同時,佛又說,應該無所住,而行於布施。為什麼須菩提問如何降伏其心、如何住,佛的回答是這樣呢?我們上講說過,因為菩薩的特徵,標配,就是自度度他。所謂度眾生,是菩薩的最重要的標誌,也是有別於小乘聖者的一個不同之處。

同時,如何行菩薩道就是六度。六度的第一度就是布施。布施包括法布施、財布施、無畏布施。所以佛回答得非常精準:一個度眾生、無眾生可度,一個布施、不著相布施,這就是最關鍵的問題。所以這個問題,既是回答了須菩提的那個「云何住、云何降伏其心」,同時,實際上這個回答也是指向我們生命最根本的問題,就是宇宙和生命的真相、實相是什麼?

實相就是:凡所有相皆是虛妄,若見諸相非相則見如來。所以這個相是幻相。幻相背後是如來藏。也就是說,幻相——我們眼前的萬物萬象及其法則,表面上心心相續,此起彼伏,千差萬別,其實它是虛幻的,是假象,是幻相,並沒有真的生生滅滅、起起落落,沒有這些心心相續。

而這個真相,這個實相,就是宇宙生命的真正的真容。我們所有的凡夫都不知道這個真相,都誤以為真,都把相當真。所以佛告訴須菩提,就是說一個菩薩、真菩薩,他一定是知道這個真相的,而且是住在這個實相裡的,而不住在幻相裡的。

所以他無論是度人還是布施,度人是總的,布施是一個具體步驟。那麼他在度眾生的時候,他知道實際上沒有眾生可度。他在布施的時候也知道要無相布施,就三輪體空的布施,不存在這個真的眾生。所以這個,一個它是宇宙生命的唯一的真相;第二個,它也是大乘佛法最重要最核心的法義。所以佛一上來就講清了這個,很精準也很重要。

上一講我們所學的經文,都是佛在破這個幻相。透過講如何住、如何降伏其心,實際上都在破幻相。我們上一講學到這個:無法相亦無非法相。何以故?是諸眾生若心取相則為著我人眾生壽者。學到這裡。

無法相亦無非法相,說的就是在真實的狀況裡,真相那裡是無所謂法相或者非法相的。如果你有心去取相了,你就是著相了。也就是說,實際上連談論法相和非法相、爭論法相和非法相,都是著相了。因為,就像六祖惠能說的,本來無一物。此岸的真相是本來無一物。若取法相,即著我人眾生壽者。那現在我們就接著往下學。

何以故?若取非法相,即著我人眾生壽者。是故不應取法,不應取非法。以是義故,如來常說:汝等比丘,知我說法如筏喻者,法尚應捨,何況非法。

這個等於就是回答了上面那個問題,為什麼不能取法相,也不能取非法相。因為如果取法相,就是著了這個我相、人相、眾生相、壽者相,也就是有我、有人、有空間、有時間。
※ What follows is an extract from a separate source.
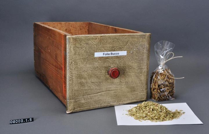 Schublade aus Nadelholz mit rotem Knauf und gezinkten Verbindungen (Schwalbenschwanzverbindung). Boden angeleimt und mit Holznägeln gesichert. Leicht wurmstichig. Vorderfront grau-braun angemalen. Mit selbstklebendem, laminiertem, weißem Kunststoff-Schriftband beschriftet. Enhält geschnittene und ganze Buccoblätter.

然後如果你取說,沒有,沒有這些,沒有非法。就是說否定這個有法的,沒有我,也沒有人,沒有眾生,沒有壽者。取這個否定有法的狀態,實際上你也是著了相了。

因為真相什麼都沒有,所以你不需要去說有還是無。就像有一部經裡講的,就是不作有無想,是《大乘稻稈經》裡講的,不作有無想。這裡套過來就是不作有法無法想,因為都沒有。

所以佛說,以這個原因、以這個道理,如來常說:你們比丘,知道我說法都是像比喻過河的筏。就說法、講佛法,就好像一個過河的竹筏。這個竹筏是載眾生度過這個生死、無明長河的。這個就叫做法筏。法筏就是以竹筏度河的竹筏來載眾生度過無明長河,這樣的比喻來比喻這個佛法。

所以說,佛說法就好比用竹筏裝載眾生度過河流,到對岸,到真實的彼岸去的。那法指的那個竹筏,也就是佛法。到了彼岸,你登岸的時候,你當然不需要把那竹筏再扛上岸去。所以竹筏,也就是比喻佛法,你肯定是登岸的時候,竹筏就捨棄了,就留在河裡了,你人上岸了。這叫法尚應捨。何況非法呢?

非法就是指的只取有、把相當真的,就叫非法。在這裡是這個意思。就是說如果說法是指的佛法,那非法就是非佛法,也就是只取有、只取幻相是真的,就叫非法。

所以這段經文的意思就是說,不應該認為有法或者無法,不著這個有無想,不作有無想。同時也說,法——佛法是像渡河的工具。你到了彼岸,你這個人上岸,佛法也放棄了,也捨棄了。連佛法都要捨棄,何況不是佛法的東西呢?就這個意思。

接下來:

須菩提,於意云何,如來得阿耨多羅三藐三菩提耶?如來有所說法耶?

佛就問須菩提說,你認為如來有沒有得那個無上正等正覺?如來有沒有說法?

須菩提言:如我解佛所說義,無有定法名阿耨多羅三藐三菩提,亦無有定法如來可說。何以故?如來所說法皆不可取、不可說,非法非非法。所以者何?一切賢聖皆以無為法而有差別。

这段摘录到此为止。